After a while he handed it back. He scoffed at me and said "What a rip off... that thing doesn't play any better than mine." I smiled and went back to my playing, relieved to have my better tool back.

Experience makes a very big difference.


----------



## EIngerson (Dec 16, 2013)

hamlet said:


> matthewo said:
> 
> 
> > hamlet said:
> ...



A couple things on this one. The sides of the head are blurry because your depth of field is very shallow. The focal point is also the tip of the nose. (always use the eyes because that's where the viewers eye naturally looks.) The background you're going for isn't blown out, it blurred, meaning more separation from the subject. (blown out is a term used for something that's over exposed) The way to achieve the look you want is to have the background further away from the subject while increasing your aperture get the depth of field deep enough to cover the entire head on the portrait. 

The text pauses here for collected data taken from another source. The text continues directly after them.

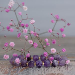 Аметистовый браслет может стать отличным подарком 6, 17, 48-ую годовщину свадьбы. Браслет из аметиста с лаконичной металлической вставкой идеально подойдёт и мужчинам, и женщинам. Для того чтобы браслет из аметиста отдал вам всю свою силу женщинам стоит носить его на левой руке, а мужчинам – на правой.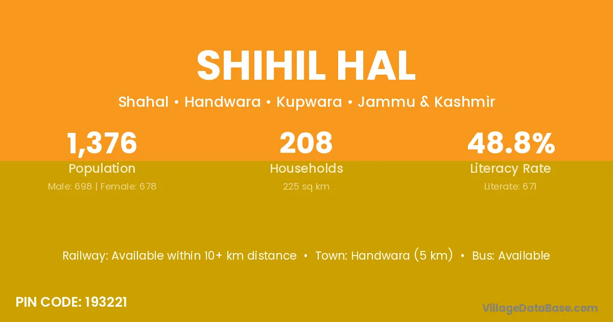 Handwara (5 km) is the nearest town to Shihil Hal village for major economic activities and is located approximately 5 km away.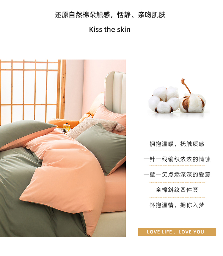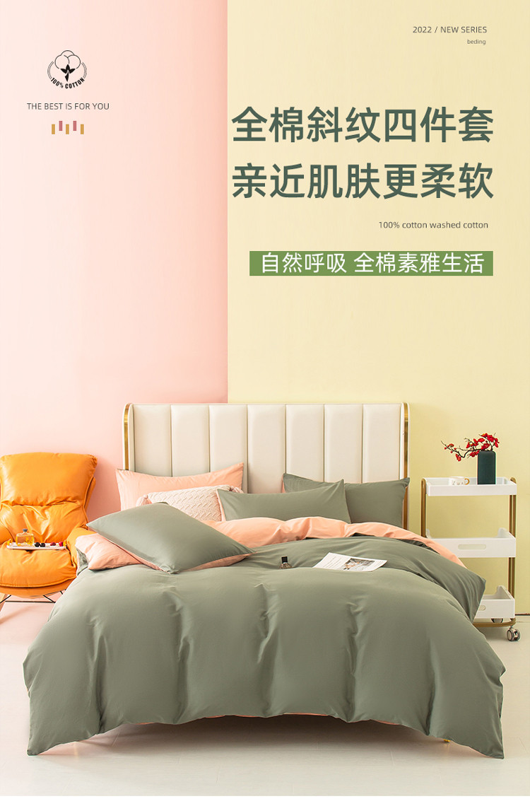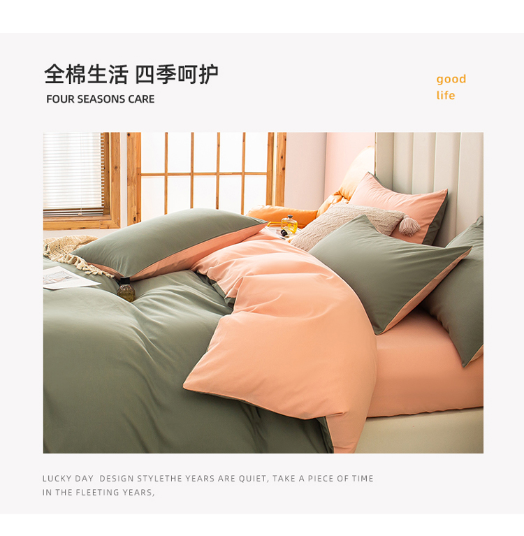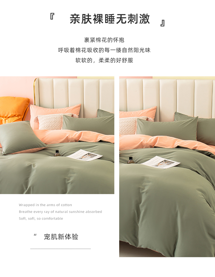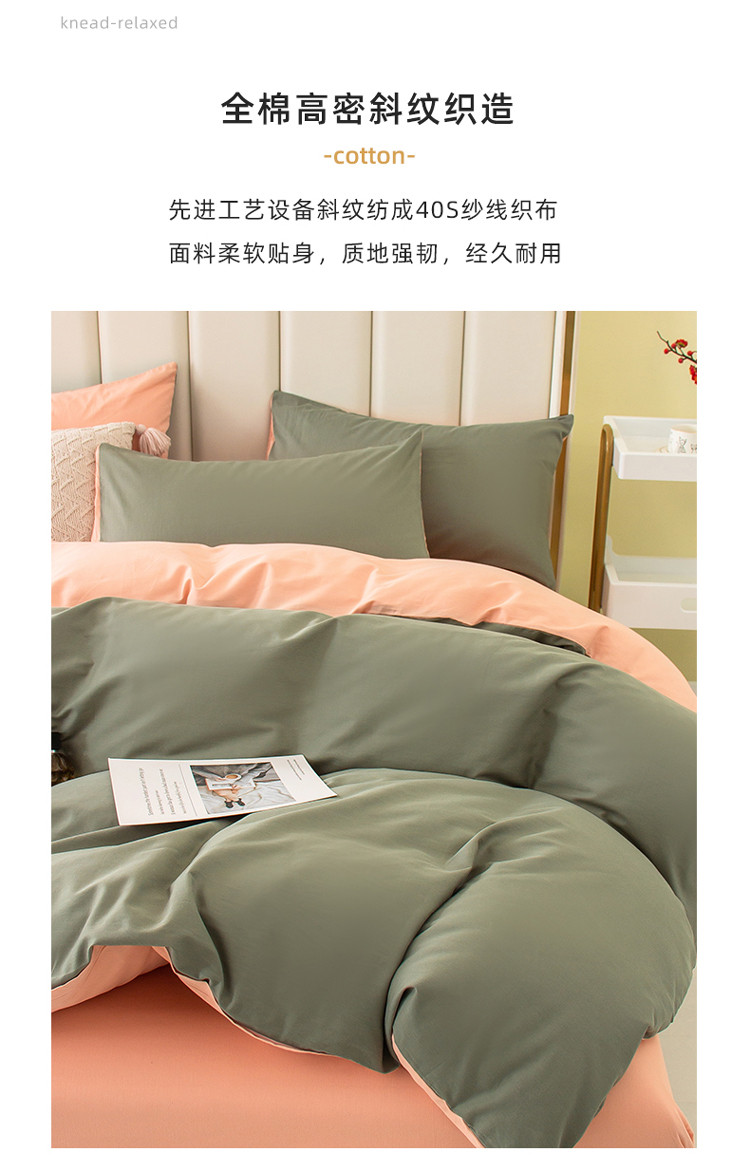 当前位置: 91家纺网 > 商品网购 > 床品套件 > 四件套 > 全棉普通四件套 > 柠萌2022新款全棉40支纯棉纯色双拼系列四件套 军绿+粉玉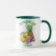 Mug in a collage of colorful tropical fruits including pineapple, papaya, mango, gogi berries, kiwi, and lime, with a tropical theme of rich textures and lush foliage on white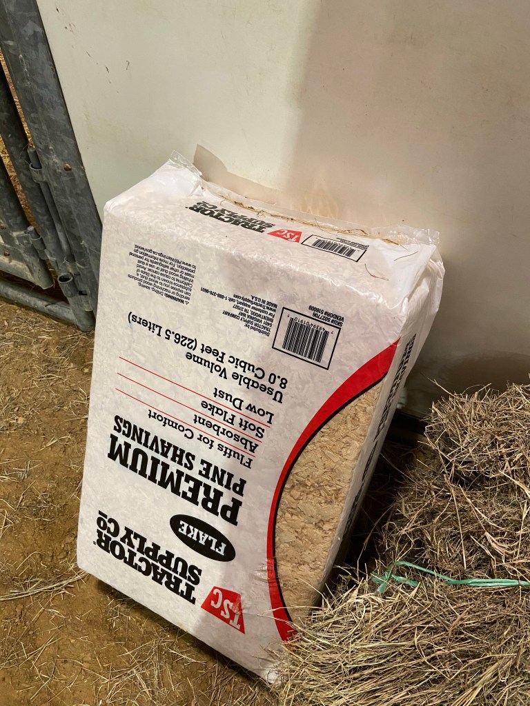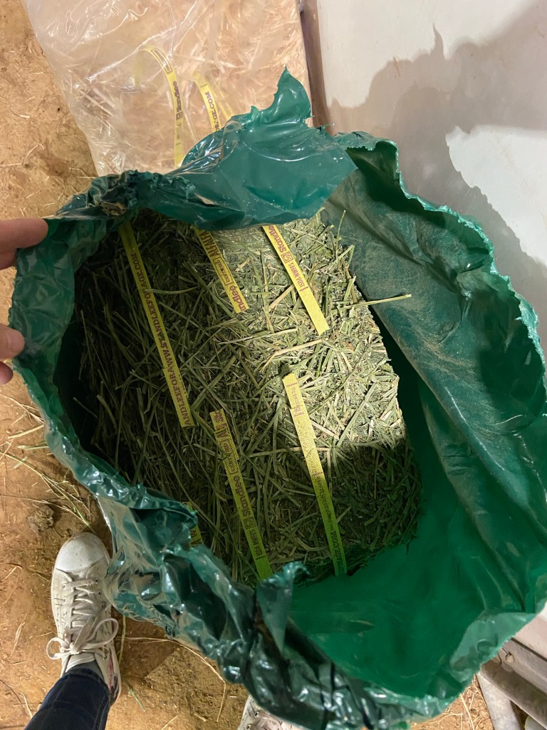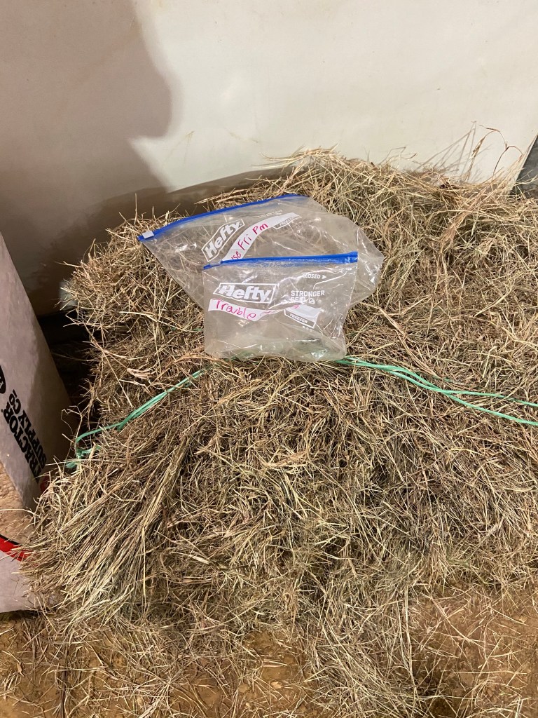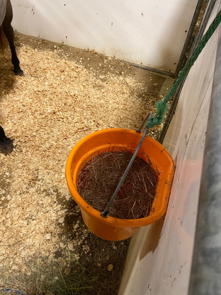 Hay – both grass hay and alfalfa if you feed both. Remember that they have no pasture and will be bored standing in a stall. Bring extra hay.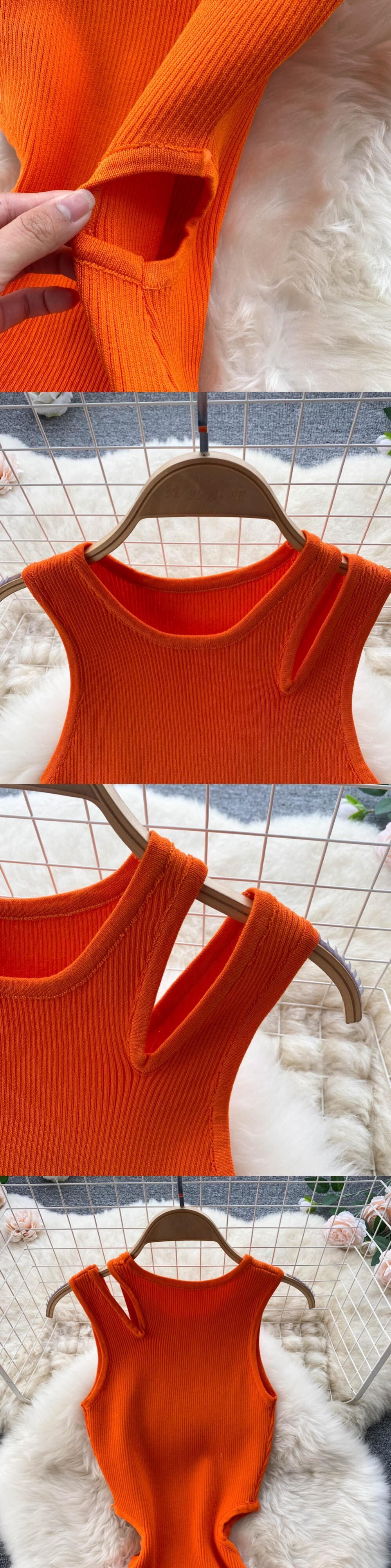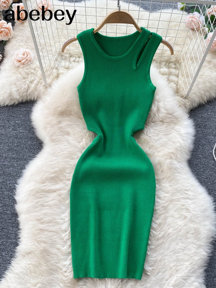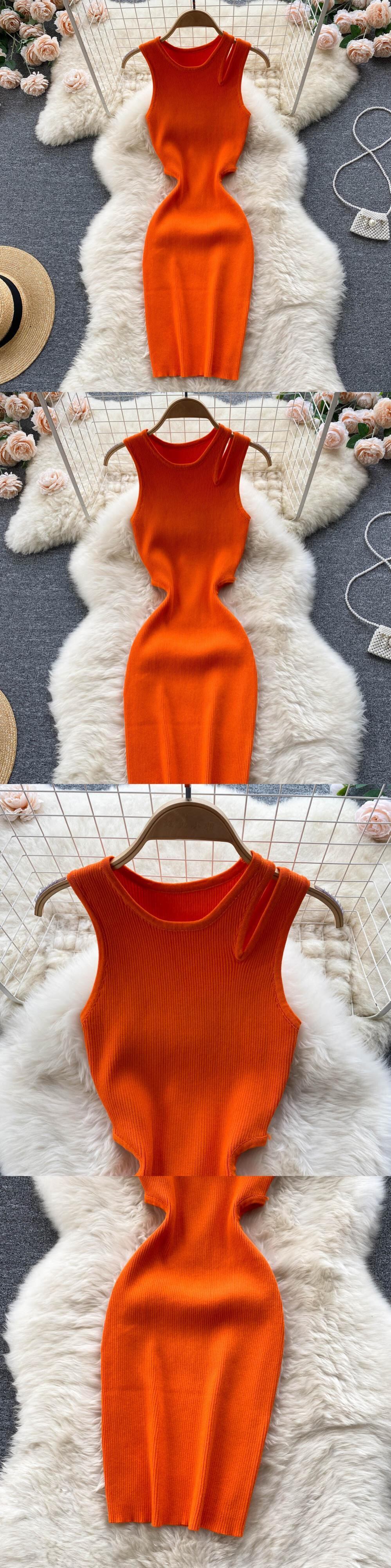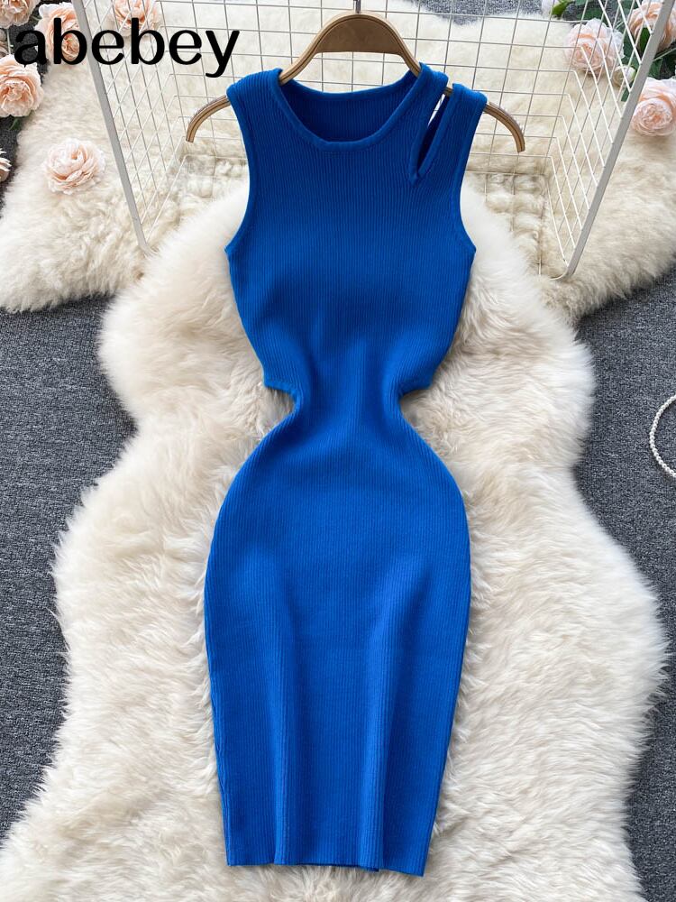 2022 ストラップ女性ニットペンシルドレス O ネックノースリーブ弾性スリムシースドレス夏のストリートショートドレス エラスティック 伸縮 サマー 夏物 Oネック Abe90939113064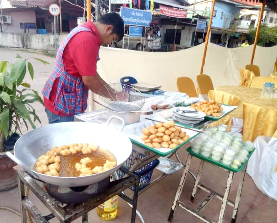 ນາງ ເມ ເຈົ້າຂອງຮ້ານເຂົ້າໜົມອື່ງໃຫ້ສຳພາດຮູ້ວ່າ: ຮ້ານເຂົ້າໜົມ ນາງ ເມອື່ງ ແລະຄູ່ນ້ອຍຖືວ່າເປັນການເປີດບໍລິການເຮັດຂາຍມາແຕ່ປີ 1980 ສະໄໝຜູ້ເປັນແມ່ ແລະຕົນເອງກໍ່ໄດ້ມາສືບຕໍ່ເຮັດຂາຍຈົນມາຮອດປະຈຸບັນໂດຍທາງຮ້ານແມ່ນມີບໍລິການຂາຍເຂົ້າໜົມທຸກຢ່າງມີເຂົ້າໜົມຄູ່, ເຂົ້າໜົມອື່ງ ແລະເຂົ້າໜົມປະຕິໂຊ້ໃສ້ໝູ່ ແລະອື່ນໆ ໂດຍຈະຂາຍກ້ອນລະ 1000 ພັນກີບ ເຄື່ອງທີ່ນຳມາບໍລິການເຮັດອາຫານກໍ່ຊອກຊື້ຕາມຕະຫຼາດບ້ານເຮົາ.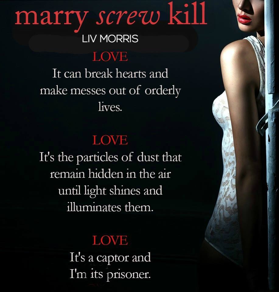 USA Today bestselling author Liv Morris has a new, standalone erotic romance that you won’t want to miss! I’ve loved Liv for years now. I can always count on her for a compelling story laced with some dark drama, but guaranteed to swoon my heart and curl my toes. And judging from the cover and summary, Marry, Screw, Kill is a novel that will achieve all these things!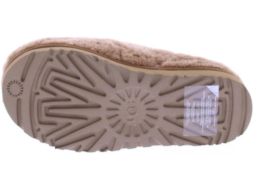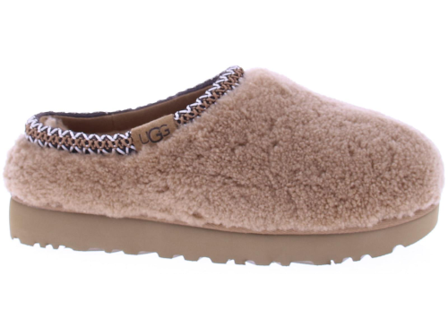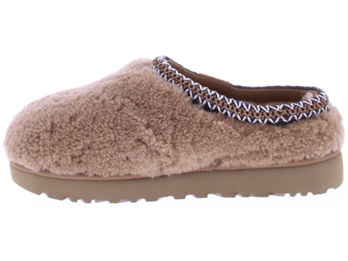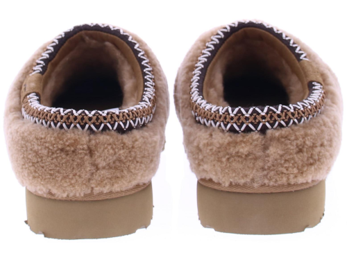 Mid-brown teddy mules from Ugg. This Tassman Ugg Curly is made of incredibly soft teddy fabric with a fur lining and a platform sole. An embroidered border runs along the top of the foot. A fun, trendy mule in soft materials.

It's not actually that bad of an image, you just have to be able to read it better and make adjustments to get what you want.


----------



## runnah (Dec 16, 2013)

Nope, you need to spend at minimum $10k on new gear.


----------



## hamlet (Dec 16, 2013)

@EIngersan

I know that, but my goal was to isolate my subject, it becomes less and less isolated if i do what you say on my 50mm. I've got the pictures to prove my point:


----------



## runnah (Dec 16, 2013)

manaheim said:


> Invisible to *you*.
> 
> That's the key. You're not good enough to know if or when your camera is failing you. That's not an insult. It's normal.
> 
> ...



Is that what they mean when they say "toot your own horn?"


----------



## EIngerson (Dec 16, 2013)

hamlet said:


> @EIngersan
> 
> I know that, but my goal was to isolate my subject, it becomes less and less isolated if i do what you say on my 50mm. I've got the pictures to prove my point:



Your subject is isolated just as much, if not more than the other one. You've just framed it different. Your camera is further away from the subject. Move it towards the subject and don't forget, the closer you are to it the shallower your depth of field. You might have to close your aperture to cover the subject the closer you get.


----------



## hamlet (Dec 16, 2013)

Maybe i'm doing something wrong, but that doesn't work on things that are three dimensional. This is as out of focus i can get my background.


----------



## EIngerson (Dec 16, 2013)

hamlet said:


> Maybe i'm doing something wrong, but that doesn't work on things that are three dimensional. This is as out of focus i can get my background.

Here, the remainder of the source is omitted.